BEGIN DATA TO PROCESS
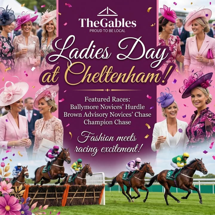 🏇 DAY 2 - LADIES DAY 🏇 The glamour and excitement continues! Ladies Day at Cheltenham - where fashion meets racing thrills! 👒 Ryan’s Picks: 💚 No Drama This End 5/1 - Turner's Novices' Hurdle (1.20pm) 💚 Final Demand 11/2 - Brown Advisory Novices’ Chase (2pm) 💚 Captian Guinness 50/1 - Champion Chase (4pm) 📋 BETTING SLIPS AVAILABLE AT THE BAR! Dress to impress and join us for an unforgettable day of racing. Watch live on our screens, place your bets right here at the bar, and the bookies is just 2 minutes away! Why not join us and chance your luck on the odd bet or two? 🍻 👇 Ladies - will you be joining us Today? #CheltenhamFestival #LadiesDay #Cheltenham2026 #HorseRacing #TheGables #FashionAndRacing
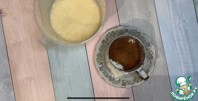 Теперь приступим к сухим ингредиентам. К муке добавим разрыхлитель, какао и крахмал. Все это потихоньку добавляем к жидкой смеси, при этом взбивая миксером. -
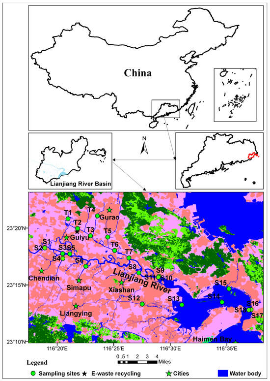 The Lianjiang River Basin (LRB), in Guangdong Province, China, possesses several large urban areas including most of Puning in Jieyang City, Chaoyang District (CYD), and the Chaonan District (CND) of Shantou City. The Lianjiang River supplies the majority of their domestic and industrial water supplies. Unfortunately, however, the water quality within the basin has deteriorated significantly as the result of the combined effects of scarce precipitation and (1) intensified human discharges of illegal and/or unregulated electronic waste (E-waste) recycling in Guiyu Town, (2) textile printing and dyeing effluent, (3) the direct discharge of domestic and agricultural sewage, and (4) the disorderly stacking of domestic garbage and industrial waste. Water quality degradation has increasingly drawn public attention, particularly because of its impacts on cities along the LRB. As a result, the LRB has consistently been a focal point of environmental research and multiple studies have shown that the mainstream of the LRB is polluted [19,20,21], as are its major tributary rivers in Guiyu Town, such as the Bergang River and Old Lianjiang River [19,21,22,23,24,25,26,27], where serious HM pollution has been identified. The primary contaminant source reported to date is associated with E-waste recycling. The importance of other sources, other areas with severe metal pollution, and HM pollution in suspended solids (SSs) in the surface water in the LRB have largely been ignored.
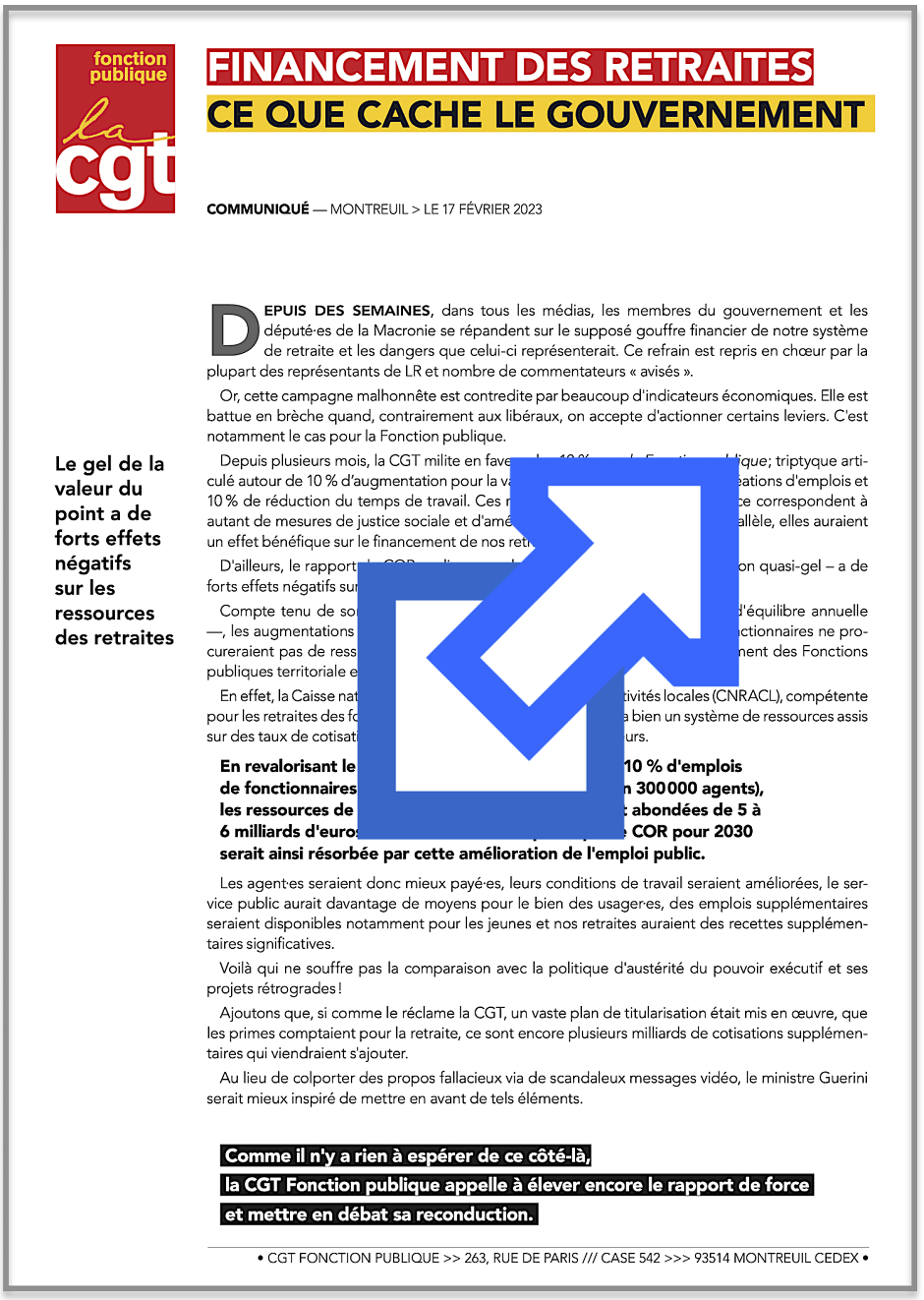 Ci-joint le communiqué de la CGT Fonction Publique du 17 février 2023.
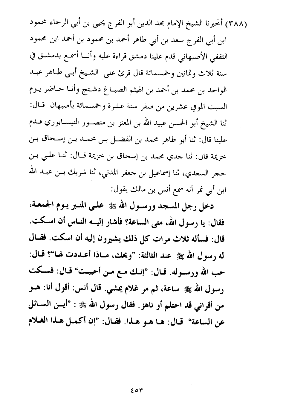 ٣٨٨ - أَخْبَرَنَا الشَّيْخُ الْإِمَامُ مَجْدُ الدِّينِ أَبُو الْفَرَجِ يَحْيَى بْنُ أَبِي الرَّجَاءِ مَحْمُودُ بْنُ أَبِي الْفَرَجِ سَعْدُ بْنُ أَبِي طَاهِرٍ أَحْمَدَ بْنِ مَحْمُودِ بْنِ أَحْمَدَ بْنِ مَحْمُودٍ الثَّقَفِيُّ الْأَصْبَهَانِيُّ، قَدِمَ عَلَيْنَا دِمَشْقَ قِرَاءَةً عَلَيْهِ بِهَا وَأَنَا أَسْمَعُ بِدِمَشْقَ فِي سَنَةِ ثَلَاثٍ وَثَمَانِينَ وَخَمْسِمِائَةٍ، قَالَ: قُرِئَ عَلَى الشَّيْخِ أَبِي طَاهِرٍ عَبْدِ الْوَاحِدِ بْنِ مُحَمَّدِ بْنِ أَحْمَدَ بْنِ الْهَيْثَمِ الصَّبَّاغِ دَشْتَجَ، وَأَنَا حَاضِرٌ يَوْمَ السَّبْتِ الْمُوفِي عِشْرِينَ مِنْ صَفَرٍ سَنَةَ عَشْرَةٍ وَخَمْسِمِائَةٍ بِأَصْبَهَانَ قَالَ: ثنا الشَّيْخُ أَبُو الْحَسَنِ عُبَيْدُ اللَّهِ بْنُ الْمُعْتَزِّ بْنِ مَنْصُورٍ النَّيْسَابُورِيُّ، قَدِمَ عَلَيْنَا قَالَ: ثنا أَبُو طَاهِرٍ مُحَمَّدُ بْنُ الْفَضْلِ بْنِ مُحَمَّدِ بْنِ إِسْحَاقَ بْنِ خُزَيْمَةَ قَالَ: ثنا جَدِّي مُحَمَّدُ بْنُ إِسْحَاقَ بْنِ خُزَيْمَةَ، قَالَ: ثنا عَلِيُّ بْنُ حُجْرٍ السَّعْدِيُّ، ثنا إِسْمَاعِيلُ بْنُ جَعْفَرٍ الْمَدَنِيُّ، ثنا شَرِيكُ بْنُ عَبْدِ اللَّهِ بْنِ أَبِي نَمِرٍ أَنَّهُ سَمِعَ أَنَسَ بْنَ مَالِكٍ يَقُولُ: دَخَلَ رَجُلٌ الْمَسْجِدَ، وَرَسُولُ اللَّهِ صَلَّى اللهُ عَلَيْهِ وَسَلَّمَ عَلَى الْمِنْبَرِ يَوْمَ الْجُمُعَةِ، فَقَالَ: يَا رَسُولَ اللَّهِ، مَتَى السَّاعَةُ؟ فَأَشَارَ إِلَيْهِ النَّاسُ أَنِ اسْكُتْ، قَالَ: فَسَأَلَهُ ثَلَاثَ مَرَّاتٍ كُلُّ ذَلِكَ يُشِيرُونَ إِلَيْهِ أَنِ اسْكُتْ، فَقَالَ لَهُ رَسُولُ اللَّهِ صَلَّى اللهُ عَلَيْهِ وَسَلَّمَ عِنْدَ الثَّالِثَةِ: «وَيْحَكَ مَاذَا أَعْدَدْتَ لَهَا؟» قَالَ: حُبَّ اللَّهِ وَرَسُولِهِ، قَالَ: «إِنَّكَ مَعَ مَنْ أَحْبَبْتَ» قَالَ: فَسَكَتَ رَسُولُ اللَّهِ صَلَّى اللهُ عَلَيْهِ وَسَلَّمَ سَاعَةً، ثُمَّ مَرَّ غُلَامٌ يَمْشِي قَالَ أَنَسٌ: أَقُولُ أَنَا: هُوَ مِنْ أَقْرَانِي قَدِ احْتَلَمَ أَوْ نَاهَزَ فَقَالَ رَسُولُ اللَّهِ صَلَّى اللهُ عَلَيْهِ وَسَلَّمَ: «أَيْنَ السَّائِلُ عَنِ السَّاعَةِ؟» قَالَ: هَا هُوَ هَذَا، فَقَالَ: «إِنْ أَكْمَلَ هَذَا الْغُلَامُ ⦗٤٥٤⦘ عُمْرَهُ أَوْ أَدْرَكَ عُمْرَهُ، فَلَنْ يَمُوتَ حَتَّى يَرَى أَشْرَاطَهَا»
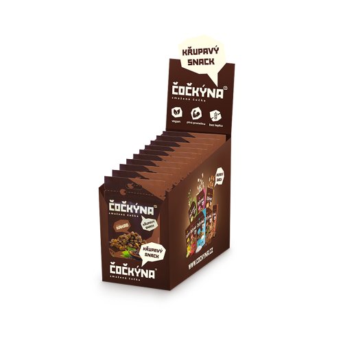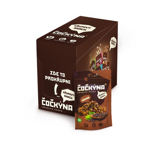 Čočkýna je skvělou alternativou k tradičním snackům. Bez umělých přísad, éček, konzervantů a se složením, kterému rozumíš. Jen čočka, kokosový olej, třtinový cukr, kakao a špětka soli. Nic víc. Snack pro vegany i sportovce Čočkýna je jednoduchý křupavý snack, který je vegan, bez lepku a navíc plný bílkovin a vlákniny. Pochutnají si na něm tak cestovatelé a sportovci, kteří potřebují doplnit cukry, vegani a vegetariáni, či rodiče s dětmi a vlastně každý, kdo si chce smlsnout o malilinko zdravěji. Tvůj parťák na cesty Čočkýna je tvůj ideální parťák na cesty. Vejde se ti do kapsy, snadno ji přihodíš do batohu i tašky. Ať už jdeš na odpolední procházku, dlouhou túru nebo objevuješ svět a potřebuješ doplnit sacharidy, vlákninu a bílkoviny. Čočkýna je lehký, výživný snack, který máš vždy po ruce! Křupavost v každém soustu Čočkýna se skvěle hodí do jogurtů, kaší či tvého oblíbeného dezertu. Přidá mu šmrnc a neodolatelnou křupavou chuť. Tabulka nutričních hodnot:
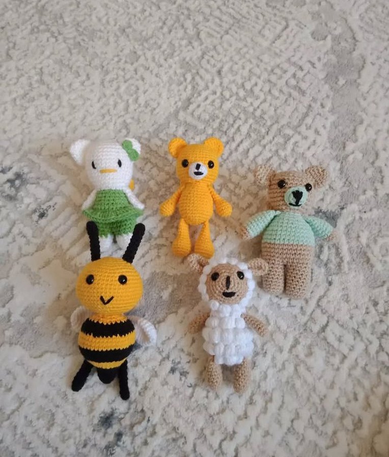 Yumuşak iplikten yapılmış, çeşitli hayvan figürlerinde renkli el örgüsü peluş oyuncak seti.
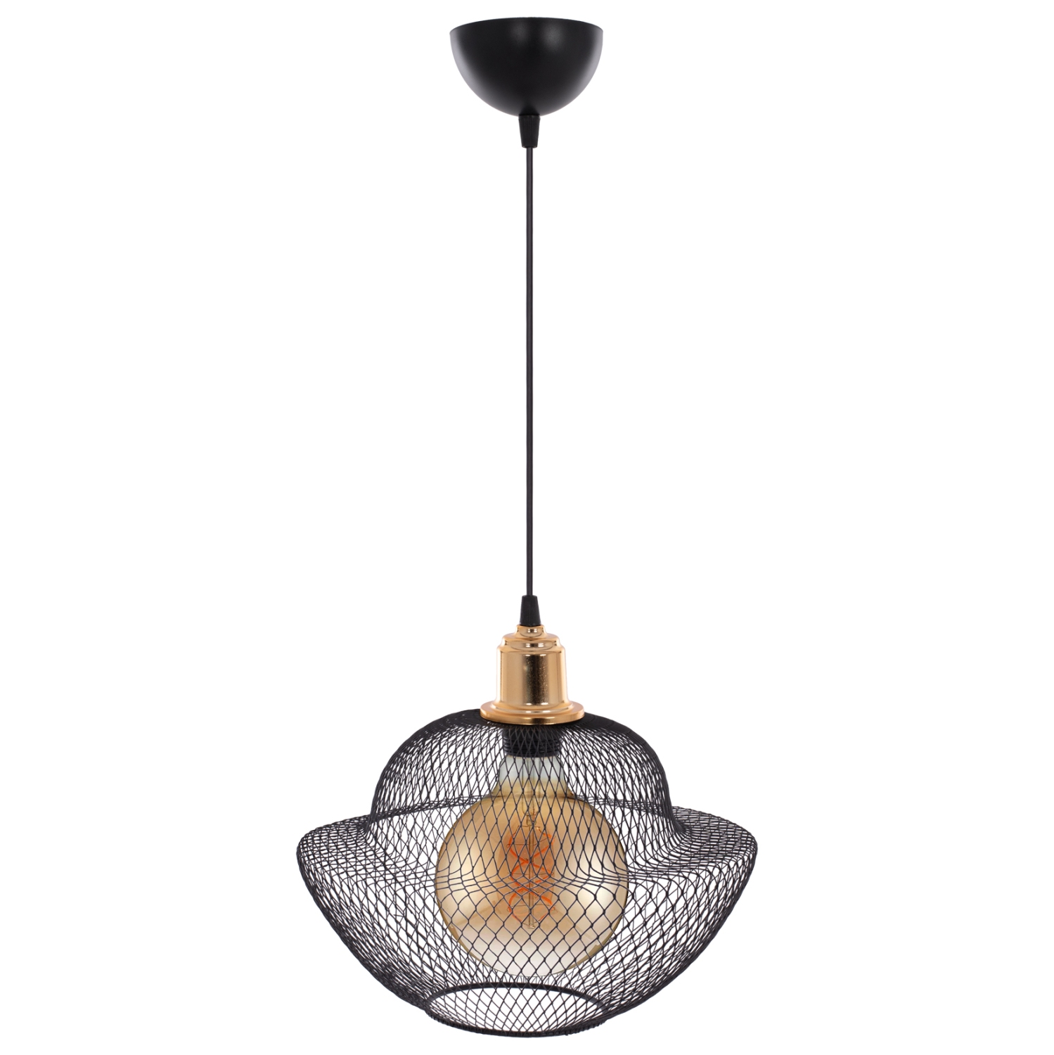 FB97690.01-κρεμαστό —-Αφήστε το φως να απλωθεί στον χώρο με ένα πρωτότυπο και φινετσάτο μονόφωτο οροφής, ολοκληρώνοντας την διακόσμησή σας. Το «καπέλο» του φωτιστικού αποτελείται από ένα πυκνό μεταλλικό πλέγμα σε μοντέρνο και ιδιαίτερο σχήμα και είναι η επιτομή του μοντέρνου design. Η διαφορετική «πινελιά» αυτού του κρεμαστού μονόφωτου είναι το χρυσό ντουί του λαμπτήρα το οποίο είναι λουστραρισμένο δίνοντας μια αίσθηση πολυτέλειας.
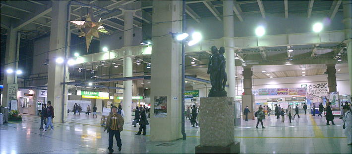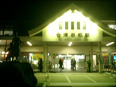 夜の「会津若松駅」を写して今夜の宿、東山温泉の「瀧の湯」へ向かう。
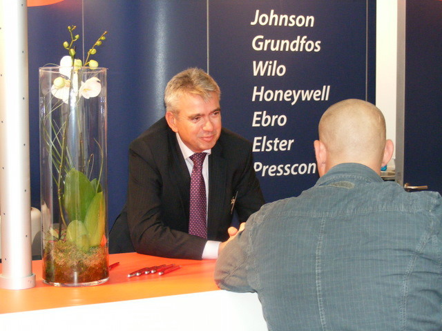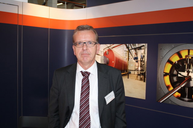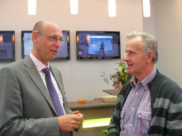 Hans van den Heuvel van GE Jenbacher in gesprek met dhr. Hoogerbrugge uit Steenbergen.
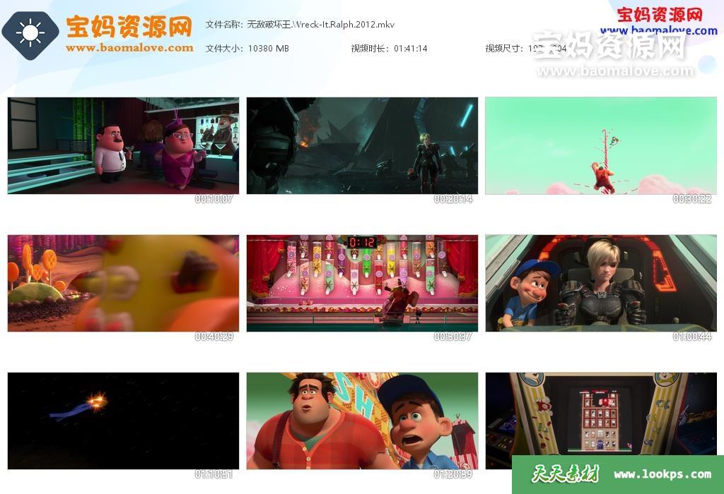 天天资源网收录的动画电影《无敌破坏王 Wreck-It Ralph》,国粤台英四语发音,中英文字幕;资源大小约10.1G,804P高清MKV视频格式,可以在电视机或电脑、平板、IPAD、早教机、手机等各种设备播放,提供百度云网盘下载。
END DATA TO PROCESS
WORK INSTRUCTION =>
Retyping is limited to the line with "夜の「会津若松駅」を写して今夜の宿、東山温泉の「瀧の湯」へ向かう。" and the lines after it in the material above; give them exactly and leave out the pictures.

OUTPUT =>
 夜の「会津若松駅」を写して今夜の宿、東山温泉の「瀧の湯」へ向かう。
 Hans van den Heuvel van GE Jenbacher in gesprek met dhr. Hoogerbrugge uit Steenbergen.
 天天资源网收录的动画电影《无敌破坏王 Wreck-It Ralph》,国粤台英四语发音,中英文字幕;资源大小约10.1G,804P高清MKV视频格式,可以在电视机或电脑、平板、IPAD、早教机、手机等各种设备播放,提供百度云网盘下载。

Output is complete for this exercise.